For a full listing and description of the options that can be provided to the loader and the methods it provides, please examine the docstrings in cle/loader.py. If anything is unclear or poorly documented (there is much) please complain through whatever channel you feel appropriate.

Loading Backends

CLE's loader is implemented in the Loader class. There are several backends that can be used to load a single file:

- ELF, as its name says, loads ELF binaries. ELF files loaded this way are
  statically parsed using PyElfTools.

- IdaBin relies on IDA (through IdaLink) to get information from the
  binaries. At the moment, it works in a bare-bones fashion, but is
  mostly unsupported.

- PE is a backend to load Microsoft's Portable Executable format,
  effectively Windows binaries. It uses the (optional) `pefile` module.

- Mach-O is a backend to load, you guessed it, Mach-O binaries. It is
  subject to several limitations, which you can read about in the
  [readme in the macho directory](backends/macho/README.md)

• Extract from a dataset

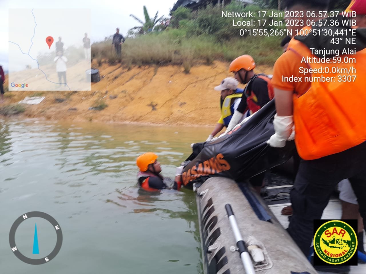 XIII KOTO KAMPAR, Transparansi Indonesia.co.id Akhir pencarian korban tenggelam sudah berakhir, korban ditemukan mengapung tidak jauh dari korban tenggelam oleh Tim Basarnas, Polres Kampar, Polsek XIII Koto dan masyarakat sekitar, Selasa (17/1/2023) sekitar pukul 16.25 WIB.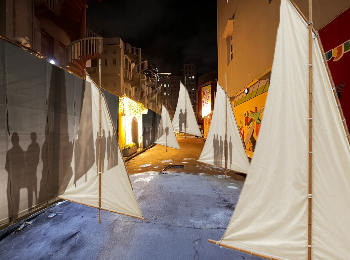 a singapore alleyway at night featuring a light art installation phinisi masts of different heights scattered across the alley at the base of each mast is made up of wave like fabric mesh shadows of people are cast onto the walls as the alley is filled with people spotlights illuminate key areas creating sporadic glows through the space

- Blob is a backend to load unknown data. It requires that you specify
  the architecture it would be run on, in the form of a class from
  ArchInfo.

Which backend you use can be specified as an argument to Loader. If left unspecified, the loader will pick a reasonable default.

Finding shared libraries

  • If the auto_load_libs option is set to False, the Loader will not automatically load libraries requested by loaded objects. Otherwise...

  • The loader determines which shared objects are needed when loading binaries, and searches for them in the following order:

    • in the current working directory
    • in folders specified in the custom_ld_path option
    • in the same folder as the main binary
    • in the system (in the corresponding library path for the architecture of the binary, e.g., /usr/arm-linux-gnueabi/lib for ARM, note that you need to install cross libraries for this, e.g., libc6-powerpc-cross on Debian - needs emdebian repos)
    • in the system, but with mismatched version numbers from what is specified as a dependency, if the ignore_import_version_numbers option is True
  • If no binary is found with the correct architecture, the loader raises an exception if except_missing_libs option is True. Otherwise it simply leaves the dependencies unresolved.